Argentinian poets Washington Cucurto and Tamara Kamenszain and Chilean poet Malú Urriola read their works in the original Spanish Tuesday evening in the kickoff event of “Transversal: A Latin American Poetry Lab,” sponsored by the David Rockefeller Center for Latin American Studies, the Woodberry Poetry Room, and the Department of Romance Languages and Literatures.
Poet Forrest Gander, a professor at Brown University and a Pulitzer Prize finalist, read English translations of Cucurto’s frenetic, slang-laced works culled from the streets of Buenos Aires. Anna Deeny, a lecturer on history and literature and noted translator of Raúl Zurita, read Urriola’s downbeat, introspective works. And Laura Healy, managing editor of the Harvard Review and translator of three collections of Roberto Bolaño’s poetry, also conjured the livelihood of Buenos Aires in Kamenszain’s poems.
Healy, who learned Spanish in high school and lived in Uruguay for a time, “was interested in working with an Argentine poet because — after spending so much time in Uruguay — the rioplatense dialect is the most familiar to me,” she said.
The poets had been previously unfamiliar with the translators with whom they were coupled, but have been corresponding and conversing throughout the year. The Woodberry Poetry Room selected the translators while Sergio Delgado, the event co-organizer and assistant professor of Romance languages and literatures, chose the poets.
“Transversal” is the brainchild of Marcela Ramos, an arts coordinator at the David Rockefeller Center, who contacted the Woodberry and Delgado about promoting innovative poetry from Latin America.
“ ‘Transversal’ is the same word in both Spanish and English,” said Chloe Garcia Roberts, a library assistant at Woodberry and one of the event’s coordinators, “and it denotes the act of cutting across or intersection. Professor Delgado stated from the beginning that the poetry he wanted to highlight from Latin America was cross-genre and cross-disciplinary, and this aesthetic — combined with the translation component — we felt was nicely encompassed by the title.”

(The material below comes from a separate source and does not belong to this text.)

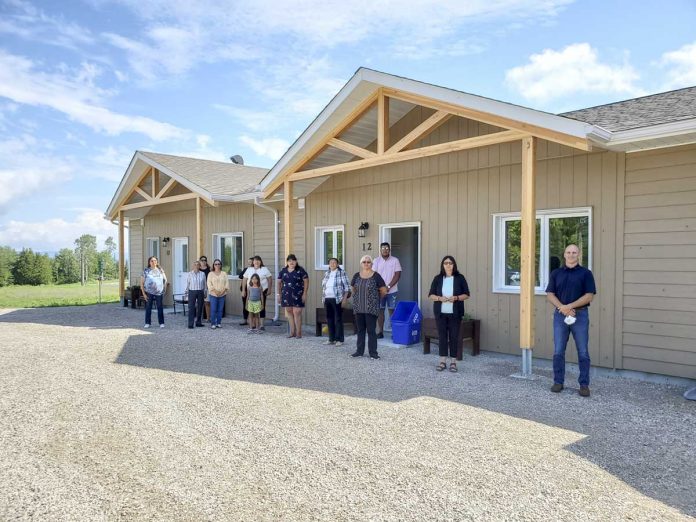 AUNDECK OMNI KANING – Members of Aundeck Omni Kaning (AOK) joined Ogimaa-kwe Patsy Corbiere and band councillors in a brief ceremony to commemorate the opening of a six-plex housing development in the northwest part of the reserve last Thursday, July 16, marking the first build in a new area that already has a long list of interested prospective tenants.
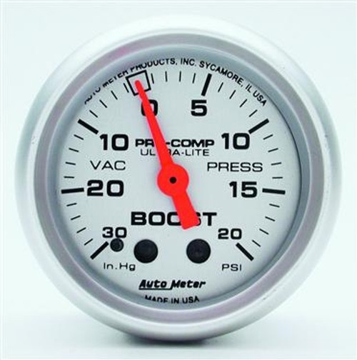Bronze bourdon tube 270 Degree sweep movements and durable nylon gearing have made these rugged and long lasting gauges a proven high performance favorite for over 25 Years. These mechanical gauges require no electrical power for operation making them an ideal choice for vehicles with no or low powered electrical systems. Size (IN):2-1/16 Inch Type:Mechanical Range:0 To 30 Inch Hg To Vacuum/20 Pounds Per Square Inch Display:Analog Sweep:Full Sweep Face Color:White Needle Color:Orange Number Color:Black Lighting:Incandescent Liquid-Filled:No Includes Warning Indicator:No Warning Indicator Type:N/A Includes Peak Memory:No Includes Sending Unit:No Includes Wiring Harness:No Includes Fittings:Yes

Gander, Deeny, and Healy discussed the pleasures and pains of translations, from struggling to understand the works to finding the right tone and grappling with syntax, meaning, and word choice, which Gander summed up by stating, “Translation is like putting on someone else’s pants. You walk differently.”
“I’m interested in translation mostly as a creative exercise,” Healy said. “It’s a puzzle to play with, a code to be cracked. The process of translating is also a very intimate way to interact with a text. It forces you to slow down your reading and spend time really understanding and interpreting it.”
The Harvard Review plans to publish an online supplement of the poets’ original works and their translations.
“Transversal” continues through Thursday, with Peruvian poet Róger Santiváñez joining the discussions.